» TASK ITEM:
From the line containing "Grâce aux éléments" down to the line containing "of serpentine form, on" in the records below, reproduce every line exactly, ends included, and omit all others.

» RECORDS FOR THE TASK:
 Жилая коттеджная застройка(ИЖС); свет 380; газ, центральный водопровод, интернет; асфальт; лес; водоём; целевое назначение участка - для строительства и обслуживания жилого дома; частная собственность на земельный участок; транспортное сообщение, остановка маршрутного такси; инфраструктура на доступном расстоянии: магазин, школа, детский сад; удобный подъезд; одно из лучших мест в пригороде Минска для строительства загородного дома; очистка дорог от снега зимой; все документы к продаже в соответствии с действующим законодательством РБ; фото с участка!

* * *

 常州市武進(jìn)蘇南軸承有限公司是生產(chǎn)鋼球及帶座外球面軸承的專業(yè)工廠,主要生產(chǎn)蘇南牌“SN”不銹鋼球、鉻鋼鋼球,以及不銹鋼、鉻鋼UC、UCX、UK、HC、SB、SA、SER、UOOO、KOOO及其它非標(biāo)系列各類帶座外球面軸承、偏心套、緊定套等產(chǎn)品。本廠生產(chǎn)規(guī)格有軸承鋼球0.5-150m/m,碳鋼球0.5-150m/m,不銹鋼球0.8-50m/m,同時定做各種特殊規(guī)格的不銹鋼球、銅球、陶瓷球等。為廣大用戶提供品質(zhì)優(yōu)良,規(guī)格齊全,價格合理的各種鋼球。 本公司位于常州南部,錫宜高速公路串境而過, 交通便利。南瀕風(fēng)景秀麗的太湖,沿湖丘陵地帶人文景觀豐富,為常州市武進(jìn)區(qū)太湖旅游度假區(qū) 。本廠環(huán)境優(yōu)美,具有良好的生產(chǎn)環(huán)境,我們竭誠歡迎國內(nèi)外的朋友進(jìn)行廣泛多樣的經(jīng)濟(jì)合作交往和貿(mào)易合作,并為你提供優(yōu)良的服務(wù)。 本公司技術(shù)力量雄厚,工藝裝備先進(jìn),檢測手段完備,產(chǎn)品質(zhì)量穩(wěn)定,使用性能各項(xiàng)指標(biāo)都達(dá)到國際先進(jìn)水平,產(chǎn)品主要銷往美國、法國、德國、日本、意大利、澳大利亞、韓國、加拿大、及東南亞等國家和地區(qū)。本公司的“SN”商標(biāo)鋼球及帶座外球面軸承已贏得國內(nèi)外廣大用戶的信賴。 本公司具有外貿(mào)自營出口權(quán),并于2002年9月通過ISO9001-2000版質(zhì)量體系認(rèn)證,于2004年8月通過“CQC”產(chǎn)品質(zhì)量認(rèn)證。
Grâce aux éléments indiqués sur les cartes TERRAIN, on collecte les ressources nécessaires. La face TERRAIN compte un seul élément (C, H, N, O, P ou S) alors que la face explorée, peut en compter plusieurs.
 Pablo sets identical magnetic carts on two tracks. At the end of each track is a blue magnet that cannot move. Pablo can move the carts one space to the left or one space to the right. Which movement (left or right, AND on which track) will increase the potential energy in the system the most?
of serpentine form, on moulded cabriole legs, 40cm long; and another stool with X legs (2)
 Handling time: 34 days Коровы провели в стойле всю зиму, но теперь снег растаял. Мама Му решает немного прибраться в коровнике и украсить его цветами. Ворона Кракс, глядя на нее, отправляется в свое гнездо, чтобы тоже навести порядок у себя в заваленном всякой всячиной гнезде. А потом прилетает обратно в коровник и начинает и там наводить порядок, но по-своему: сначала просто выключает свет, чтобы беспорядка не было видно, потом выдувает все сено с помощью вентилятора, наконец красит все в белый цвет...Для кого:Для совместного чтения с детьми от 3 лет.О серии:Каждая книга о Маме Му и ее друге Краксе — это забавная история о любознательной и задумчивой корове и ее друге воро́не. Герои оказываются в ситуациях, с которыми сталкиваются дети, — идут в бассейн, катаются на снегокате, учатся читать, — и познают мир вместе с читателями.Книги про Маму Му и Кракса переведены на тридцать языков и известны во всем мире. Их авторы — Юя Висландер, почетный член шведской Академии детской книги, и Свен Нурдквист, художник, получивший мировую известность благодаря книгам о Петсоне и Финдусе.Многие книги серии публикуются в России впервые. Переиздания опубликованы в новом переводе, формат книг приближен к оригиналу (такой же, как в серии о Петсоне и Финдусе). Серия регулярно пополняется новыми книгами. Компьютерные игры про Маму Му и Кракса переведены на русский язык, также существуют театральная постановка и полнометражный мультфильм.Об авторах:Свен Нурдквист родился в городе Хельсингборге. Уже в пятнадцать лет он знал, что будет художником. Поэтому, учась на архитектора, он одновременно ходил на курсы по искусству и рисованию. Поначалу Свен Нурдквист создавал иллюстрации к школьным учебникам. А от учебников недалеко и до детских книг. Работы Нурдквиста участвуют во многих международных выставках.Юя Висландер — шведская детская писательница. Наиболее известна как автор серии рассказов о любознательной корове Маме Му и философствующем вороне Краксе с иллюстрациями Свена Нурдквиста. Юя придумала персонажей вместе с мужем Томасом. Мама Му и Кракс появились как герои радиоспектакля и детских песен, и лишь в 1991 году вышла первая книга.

» TASK RESULT:
Grâce aux éléments indiqués sur les cartes TERRAIN, on collecte les ressources nécessaires. La face TERRAIN compte un seul élément (C, H, N, O, P ou S) alors que la face explorée, peut en compter plusieurs.
 Pablo sets identical magnetic carts on two tracks. At the end of each track is a blue magnet that cannot move. Pablo can move the carts one space to the left or one space to the right. Which movement (left or right, AND on which track) will increase the potential energy in the system the most?
of serpentine form, on moulded cabriole legs, 40cm long; and another stool with X legs (2)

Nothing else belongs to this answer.